The Link ETL comes down to select the distinct pairs of business keys from the respective Staging Area table, check if they’re there and insert them if they’re not there already. By its nature this ETL process is already compliant with the fundamental ETL requirements. Similar to the Hub ETL you can run it every time and any time without adding additional complexity. Also similar to the Hub ETL the string value of the Record Source will be resolved to an ID (Record Source ID).
In the SSIS implementation there is no additional logic in the Control Flow except the usual ETL process metadata handles. The Data Flow is as follows:
- SRC – <STG table>. The direct connection to the Staging Area which selects the distinct Business Key, Record Source and Event Date/Time. The aggregator further flattens the dataset to one record for each business key pair (per Record Source). This is necessary because the Event Date/Time typically occurs multiple times for each key pair, and requires to be loaded from the Staging Area. Effectively the minimum date is selected for the unique combination of business keys
- CNT – Discarded / Inserted / Input. Optional record counts. The counts are stored in local variables and committed to the ETL process metadata after completion of the package execution.
- DRC – Placeholder Management. In Link type tables not every business key value has to be present for the processing to continue. Placeholders are used in this case (-1) values only, indicating that keys were not present for the specific record at that particular point in time.

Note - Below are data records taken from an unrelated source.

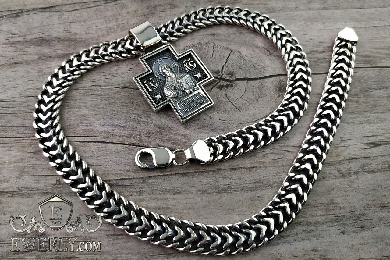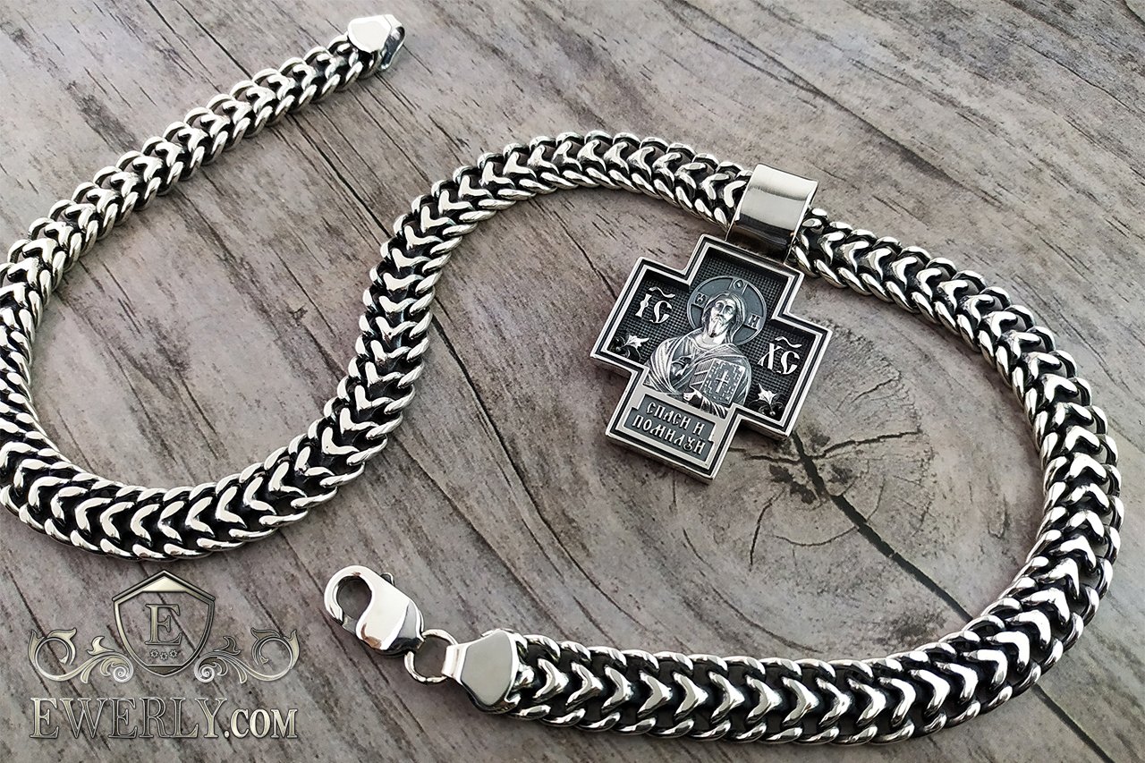 Мужская серебряная цепь с крестом нательным православным
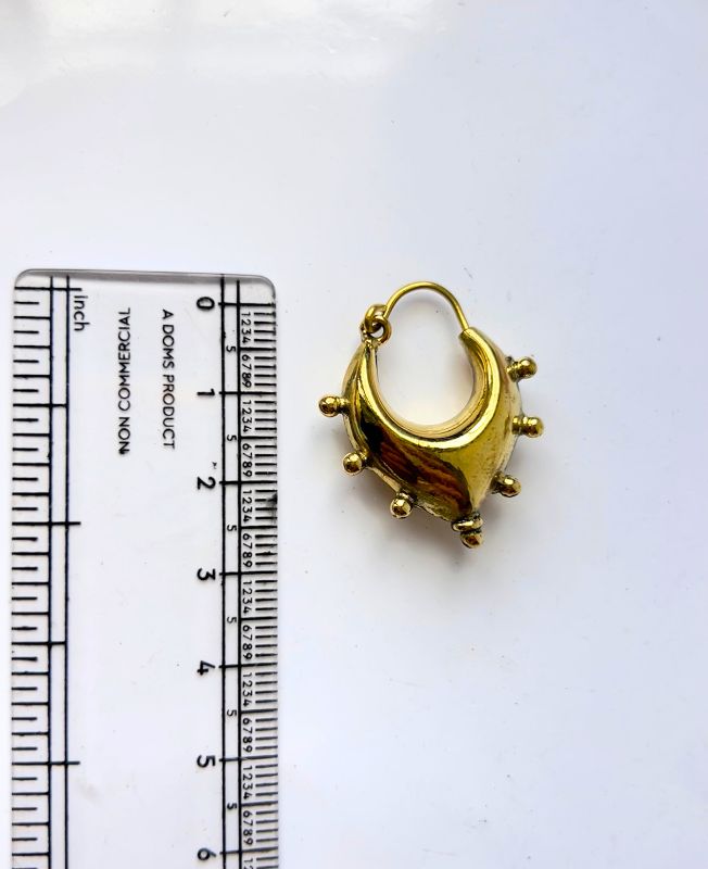 Bold crescent-shaped brass earrings in antique gold tone with intricate dotted patterns, perfect for boho or ethnic-inspired looks.
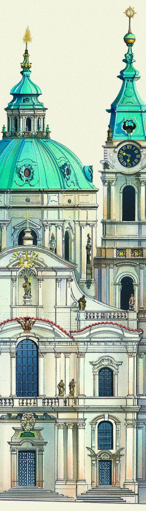 Papírová záložka do knihy s motivem kostelu sv. Mikuláše na Malé Straně.
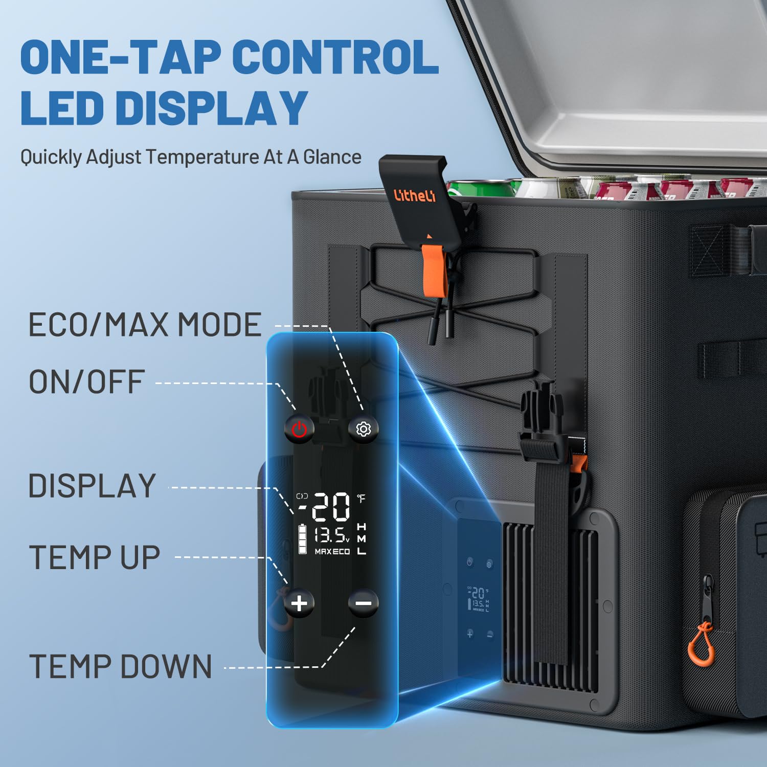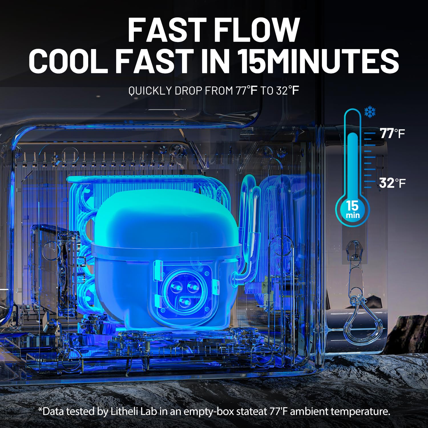 - [Turbo Cooling & Extended Freshness] Experience 15-minute rapid cooling (77℉→32℉)- 3x faster than standard electric coolers. Maintain precise temps from -4℉(freezing) to 68℉(warming) using the digital control panel. The display shows the temperature in real time.Triple-layer insulation keeps contents chilled for 4hrs during power outages. *Pro Tip: Use as a car or truck accessories fridge for road trips or standalone camping cooler for beach camping.
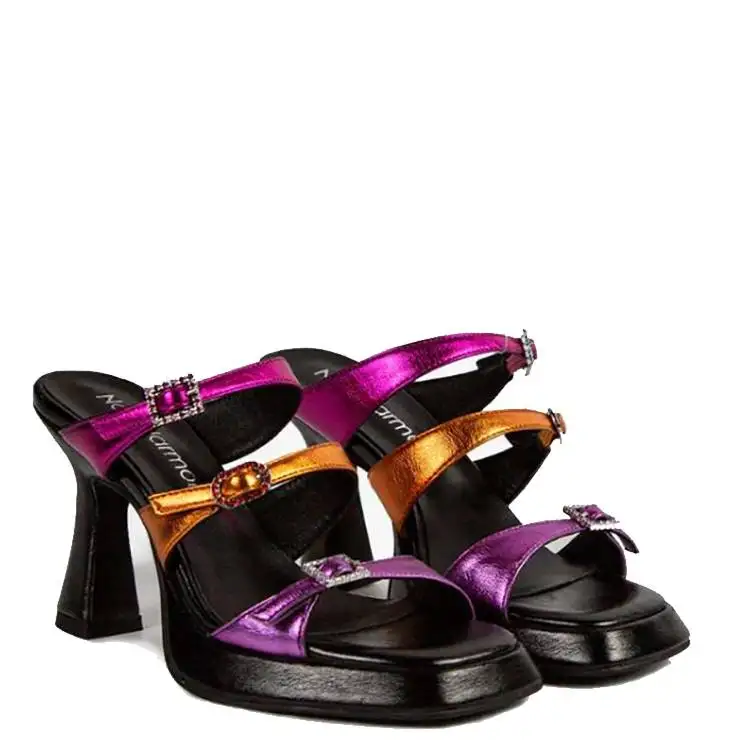 Sandalia de tiras multicolor y acabado metalizado. Detalle de hebilla con brillantes. Tacón de 9 cm de altura y plataforma de 2 cm en color negro. Suela de goma.
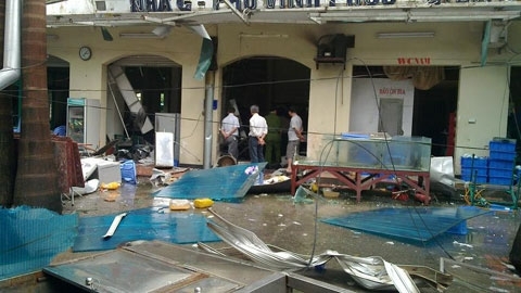 Cánh cửa kéo bằng kim loại của quán bia bị sức ép của tiếng nổ hất tung bay một quãng vài chục mét; mái che kim loại bị uốn cong méo mó; nhiều bàn ghế kim loại trong nhà bị đẩy văng ra ngoài sân…
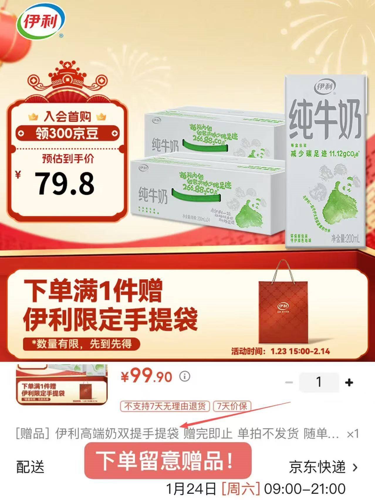 伊利纯奶发車 伊利 纯牛奶200ml*24盒*2箱 62.9亓,新客减3亓 赠礼袋
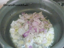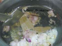 4.Then add chopped onions cook till golden ,add bay leaf also.
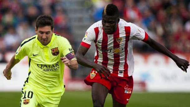 El Almería se avanzó en el marcador contra el FC Barcelona tras una pérdida de Leo Messi al borde del área rival cuando intentaba marcharse de cuatro contrincantes a la vez. El centro del campo y la defensa culé, sin embargo, no bascularon correctamente
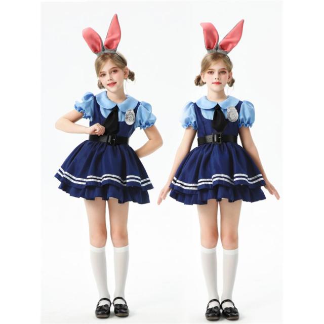 ハロウィンポリス衣装風 キッズ ポリス 女の子 うさぎ 大人 レディース コスプレ 警察 ハロウィン衣装 キッズ コスプレ 半袖 子供服 女の子警察官 警官 仮装
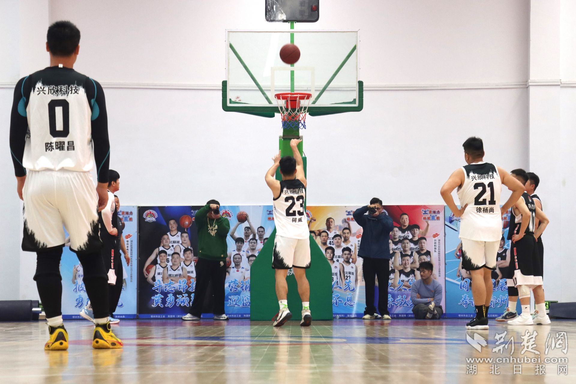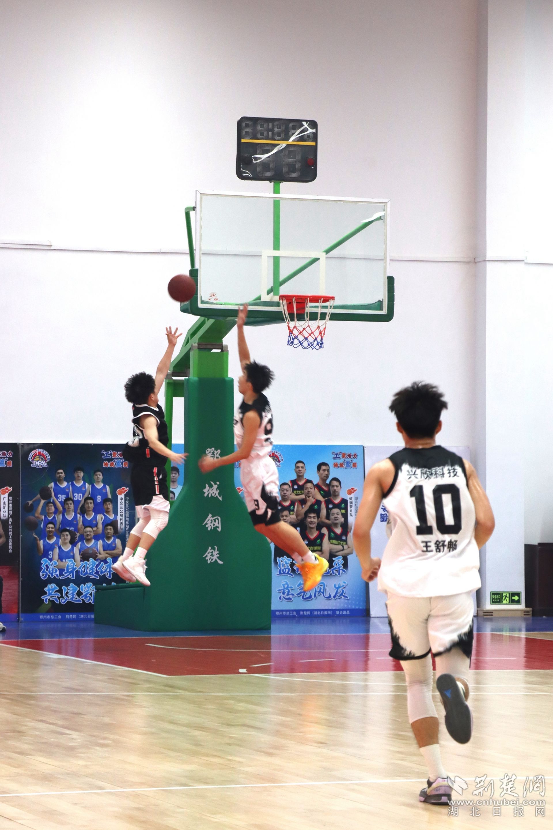決賽現(xiàn)場(chǎng),人聲鼎沸。隨著裁判員的一聲哨響,鄂州楚商隊(duì)與興欣科技隊(duì)的冠軍爭(zhēng)奪打響。賽場(chǎng)上,球員們身姿矯健、配合默契,傳球、跳投、攔截,進(jìn)攻防守轉(zhuǎn)換迅速。
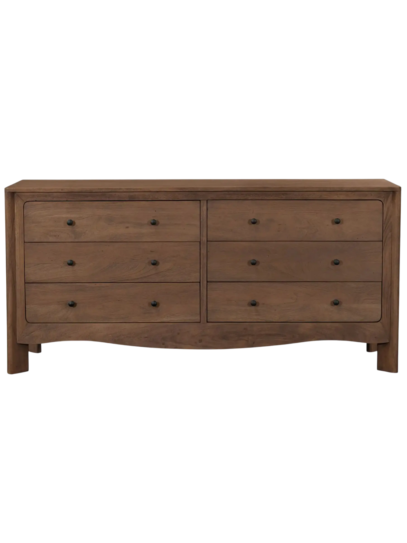 Quand la courbe rencontre la structure. La commode Mabel se distingue par ses détails sculpturaux parfaitement maîtrisés. Sa base courbée évoque subtilement les formes traditionnelles, tandis que ses pieds diagonaux inversés apportent légèreté et une touche résolument moderne.
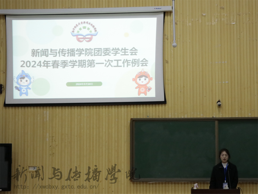 会上,李樱花老师首先介绍了本学期计划开展的团学活动,并提出三点工作要求:一是结合重要时间节点开展部门工作,做好工作计划和工作安排;二是各部门要明确部门分工,确保责任落实到人;三是团学各部门和社团之间要协调合作,加强沟通交流,进一步促进各部门工作互通互鉴。
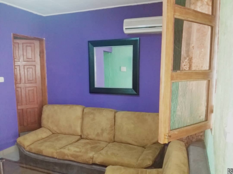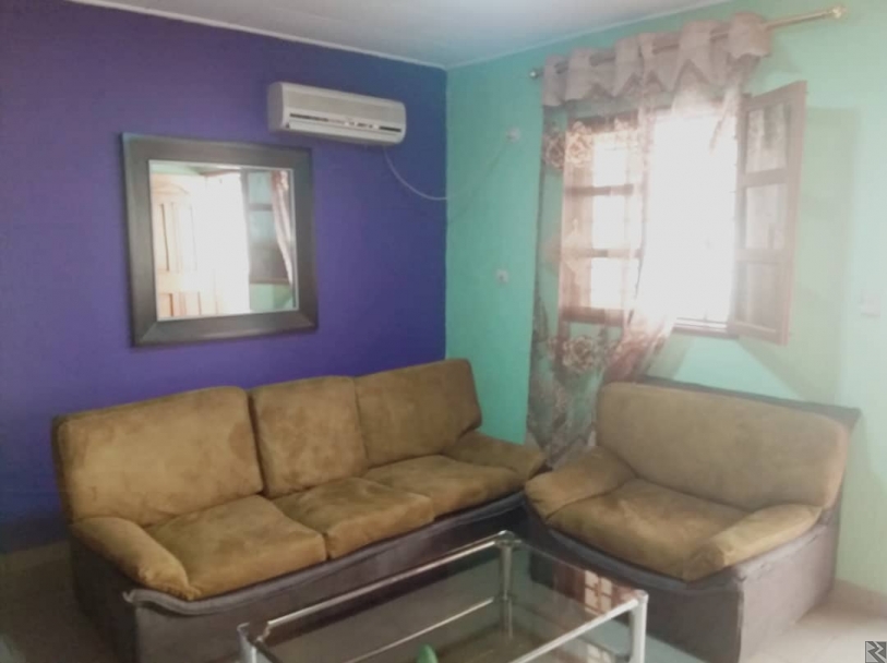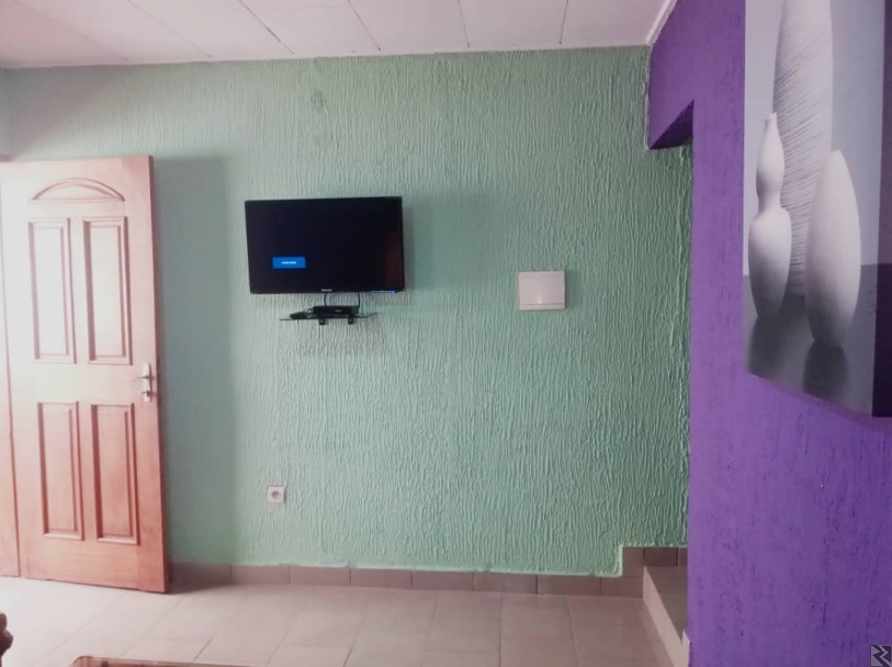 Equipement : 1 Lit, 1 Table Basse, 1 Bureau, 1 Table à repasser, Climatiseur, Microonde, 1 Réfrigérateur ; Plats et Couverts, WIFI, Canal +, Etc.

- DRC – Standard Values. Any proprietary ETL metadata controls and/or values can be set in this Derived Column Transformation. No Data Vault specific values are set.
- LKP – Record Source. This Lookup operation resolves the string value that was essentially hard coded in the Staging Area ETL to an ID (integer) value that is to be stored in the Link table as the Record Source ID. The lookup condition is on the Record Source (code) and the lookup has to fail if there is no hit.
- LKP – Hub table <all involved Hubs>. The Hub keys are queried here based on the provided source Business Key attribute and the Record Source ID that was retrieved in the previous Lookup operation. All Hub keys together will form the lookup input for the Link key.
- LKP – Target table to check for existing records. The existing records Lookup operation is the real Link key lookup, which is executed joining the key pair of attribute(s) which act as Business Key(s). The Record Source ID is not part of the join condition as the source relationship is already managed in the Hub entity. If no record is found the record will remain in the Data Flow to be inserted, otherwise it is discarded (gracefully rejected).
- DST – LNK_<table>. The destination target Link table, which is a straight insert of the remaining recordset. Note that this is an insert-only approach.
The Link ETL does not have to worry about the managing (end dating) of relationships, driving keys and many-to-many relationships, that logic is built in the Link-Satellite templates.